Shuttering surface is therefore checked for any damage to its surface and excessive roughness before use. Form Work is erected true to line and the shapes and dimensions required for the work.

It is designed to carry without deformation the full weight of wet concrete and other incidental live loads. It should also withstand the effect of vibration, without deflection, bulging, distortion or loosening of its parts. The site Engineer is responsible for the sufficiency of all formwork, centring and moulds.

All joints are tongued and grooved and sufficiently tight to prevent leakage of cement paste. All formwork is removed without shock or vibration such as would damage the concrete.

Before the soffit forms and props are removed Site Engineer ensures that the concrete has hardened sufficiently and is removed with the approval of the Project Head/Project Engineer.

Concrete surfaces that are to be finished with cement rendering are thoroughly hacked with hand tools immediately after removal of formwork to bring the adequate bond between the concrete and cement rendering.

Removal of Formwork

In normal circumstances and where ordinary Portland cement is used, forms may generally be removed after the expiry of the periods as specified in IS 456:2000 or as per requirements.

  • While de- shuttering formwork of columns, it is ensured that the edges of columns are protected.
  • While de-shuttering the external sides of the floor beams, it is ensured that nobody is working nearby area, so as to prevent possible accidents. and
  • During de- shuttering the internal beam sides, it is ensured that supports of slab and beam bottom are not disturbed.

De-shuttering of slab plates is done after making scaffolding. No plates should be removed from the slab without proper scaffolding, as otherwise plates would be thrown down to ground level. It is ensured all shuttering material like plates, props,
spans, plywood shutters are brought down using rope and pulley so that materials are not damaged.

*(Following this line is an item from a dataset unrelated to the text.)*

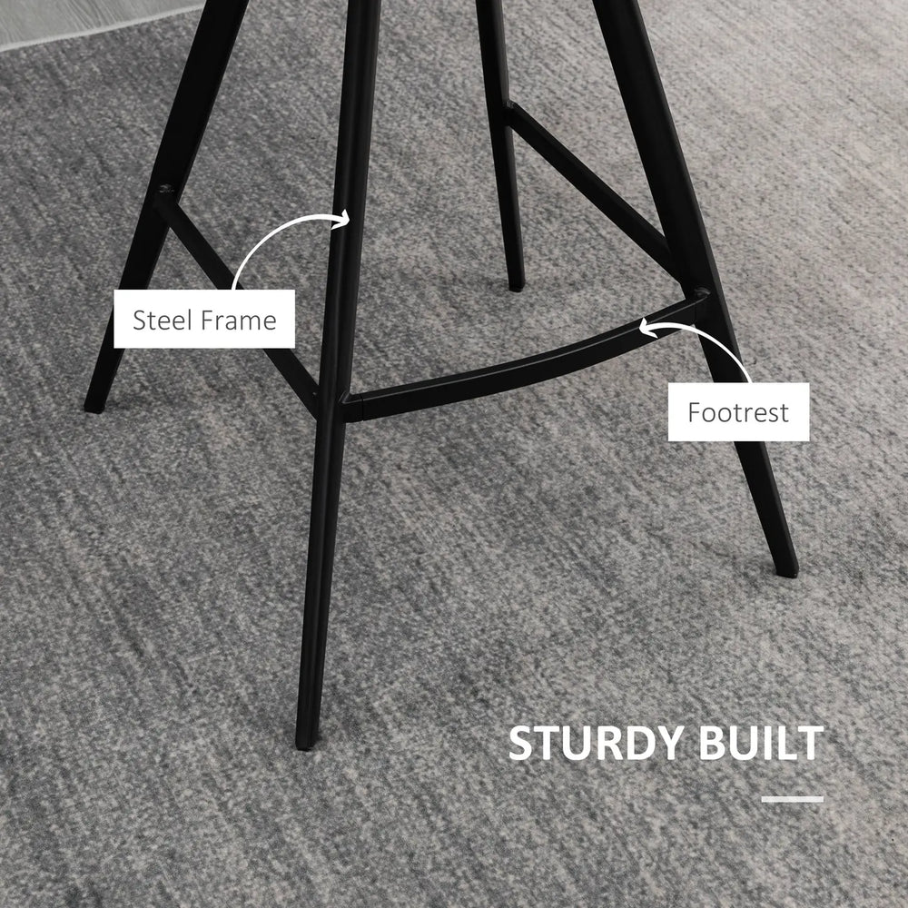 HOMCOM Set Of 2 Bar Stools Vintage Microfiber Cloth Tub Seats Padded Comfortable Steel Frame Footrest Quilted Home Bar Cafe Kitchen Chair Stylish Grey

Minimum period of Formwork

Types of Formwork

There are 5 types of formwork

  • Foundation formwork
  • Column formwork
  • wall formwork
  • Beam formwork and
  • Ceiling formwork

Causes of Failure

Formwork is responsible for a large number of construction-related accidents. The fundamental reasons are as follows

  1. Wet concrete-carrying structure that is unstable, or severe weakness and overstress
  2. Structure with no diagonal bracing that is subjected to significant lateral loads
  3. Human error, negligence, and overconfidence are all examples
  4. Premature form erosion
  5. Props of insufficient size and spacing
  6. Due to the heaping of concrete, the load is concentrated.
  7. Cross bracing and horizontal bracing are insufficient.
  8. Poor soil SBC causes sinking of supports/props.
  9. Failure to keep the concrete casting process moving at the right pace and in the right order.
  10. Placing rolled steel members improperly
  11. The impact of girder supports being pre-stressed
  12. Existing structure stabilization

Uses of Formwork

  • Provides safety to workers during construction.
  • Supports the structure while concreting to the shape required.
  • good formwork minimizes the time of construction and provides quality surface finishing.